Profile PyTorch XLA workloads

Performance optimization is a crucial part of building efficient machine learning models. You can use the XProf profiling tool to measure the performance of your machine learning workloads. XProf lets you capture detailed traces of your model's execution on XLA devices. These traces can help you to identify performance bottlenecks, understand device utilization, and optimize your code.

This guide describes the process of programmatically capturing a trace from your PyTorch XLA script and visualizing using XProf and Tensorboard.

Capture a trace

You can capture a trace by adding a few lines of code to your existing training script. The primary tool for capturing a trace is the torch_xla.debug.profiler module, which is typically imported with the alias xp.

1. Start the profiler server

Before you can capture a trace, you need to start the profiler server. This server runs in the background of your script and collects the trace data. You can start it by calling xp.start_server() near the beginning of your main execution block.

2. Define the trace duration

Wrap the code you want to profile within xp.start_trace() and xp.stop_trace() calls. The start_trace function takes a path to a directory where the trace files are saved.

It's common practice to wrap the main training loop to capture the most relevant operations.

# The directory where the trace files are stored.
log_dir = '/root/logs/'

# Start tracing
xp.start_trace(log_dir)

# ... your training loop or other code to be profiled ...
train_mnist()

# Stop tracing
xp.stop_trace()

3. Add custom trace labels

By default, the traces captured are low-level Pytorch XLA functions and can be hard to navigate. You can add custom labels to specific sections of your code using the xp.Trace() context manager. These labels will appear as named blocks in the profiler's timeline view, making it much easier to identify specific operations like data preparation, the forward pass, or the optimizer step.

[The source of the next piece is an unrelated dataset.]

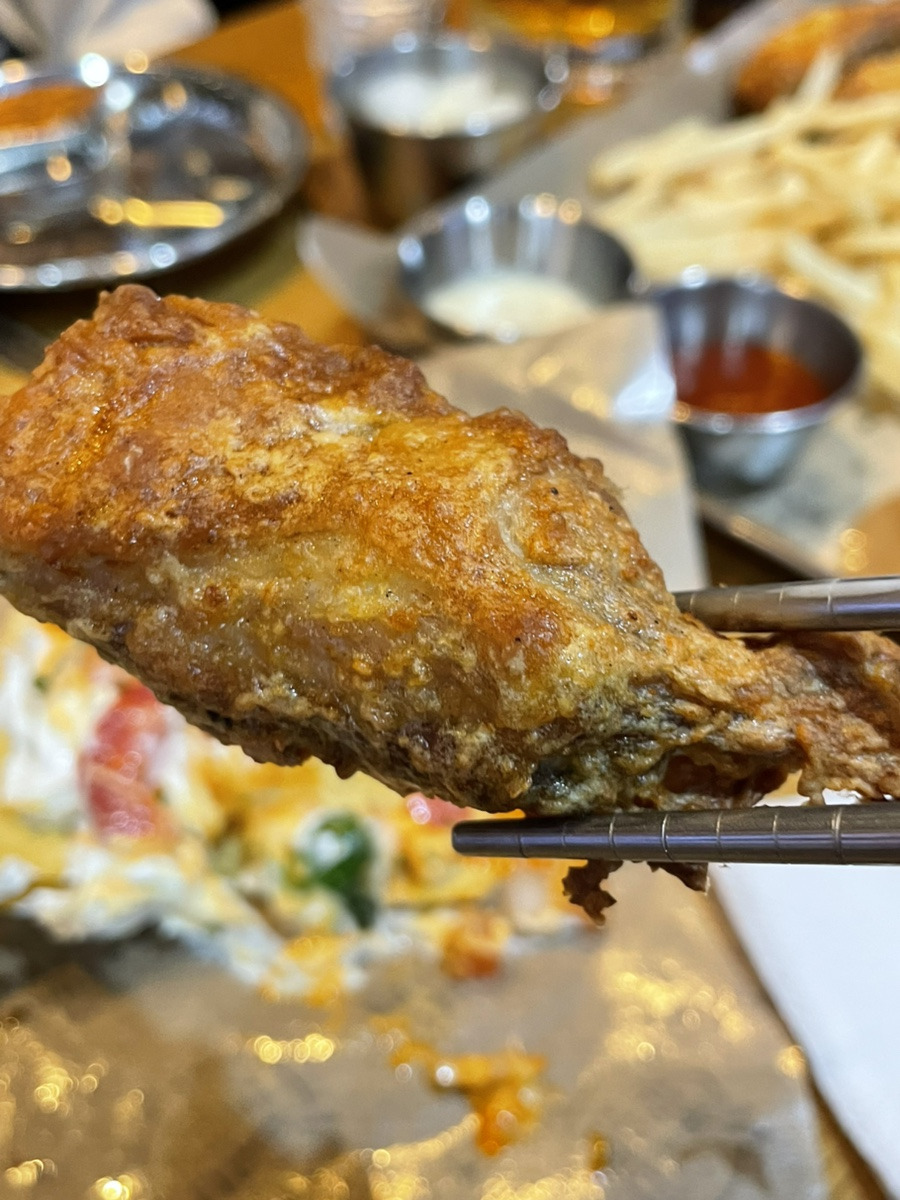 튀김옷이 두껍지 않아 먹기에 부담스럽지 않고 충분히 바삭한 식감과 퍽퍽하지 않고 촉촉한 계육이 아주 일품이다.

The following example shows how you can add context to different parts of a training step.

def forward(self, x):
    # This entire block will be labeled 'forward' in the trace
    with xp.Trace('forward'):
        x = F.relu(F.max_pool2d(self.conv1(x), 2))
        x = F.relu(F.max_pool2d(self.conv2(x), 2))
        x = x.view(-1, 7*7*64)
        x = F.relu(self.fc1(x))
        x = self.fc2(x)
        return F.log_softmax(x, dim=1)

# You can also nest context managers for more granular detail
for batch_idx, (data, target) in enumerate(train_loader):
    with torch_xla.step():
        with xp.Trace('train_step_data_prep_and_forward'):
            optimizer.zero_grad()
            data, target = data.to(device), target.to(device)
            output = model(data)

        with xp.Trace('train_step_loss_and_backward'):
            loss = loss_fn(output, target)
            loss.backward()

        with xp.Trace('train_step_optimizer_step_host'):
            optimizer.step()

Complete example

The following example shows how to capture a trace from a PyTorch XLA script, based on the mnist_xla.py file.

import torch
import torch.optim as optim
from torchvision import datasets, transforms

# PyTorch/XLA specific imports
import torch_xla
import torch_xla.core.xla_model as xm
import torch_xla.debug.profiler as xp

def train_mnist():
    # ... (model definition and data loading code) ...
    print("Starting training...")
    # ... (training loop as defined in the previous section) ...
    print("Training finished!")

if __name__ == '__main__':
    # 1. Start the profiler server
    server = xp.start_server(9012)

    # 2. Start capturing the trace and define the output directory
    xp.start_trace('/root/logs/')

    # Run the training function that contains custom trace labels
    train_mnist()

    # 3. Stop the trace
    xp.stop_trace()

Visualize the trace

When your script has finished, the trace files are saved in the directory you specified (for example, /root/logs/). You can visualize this trace using XProf and TensorBoard.

Install TensorBoard.

pip install tensorboard_plugin_profile tensorboard

Launch TensorBoard. Point TensorBoard to the log directory you used in xp.start_trace():
```
tensorboard --logdir /root/logs/
```
View the Profile. Open the URL provided by TensorBoard in your web browser (usually http://localhost:6006). Navigate to the PyTorch XLA - Profile tab to view the interactive trace. You will be able to see the custom labels you created and analyze the execution time of different parts of your model.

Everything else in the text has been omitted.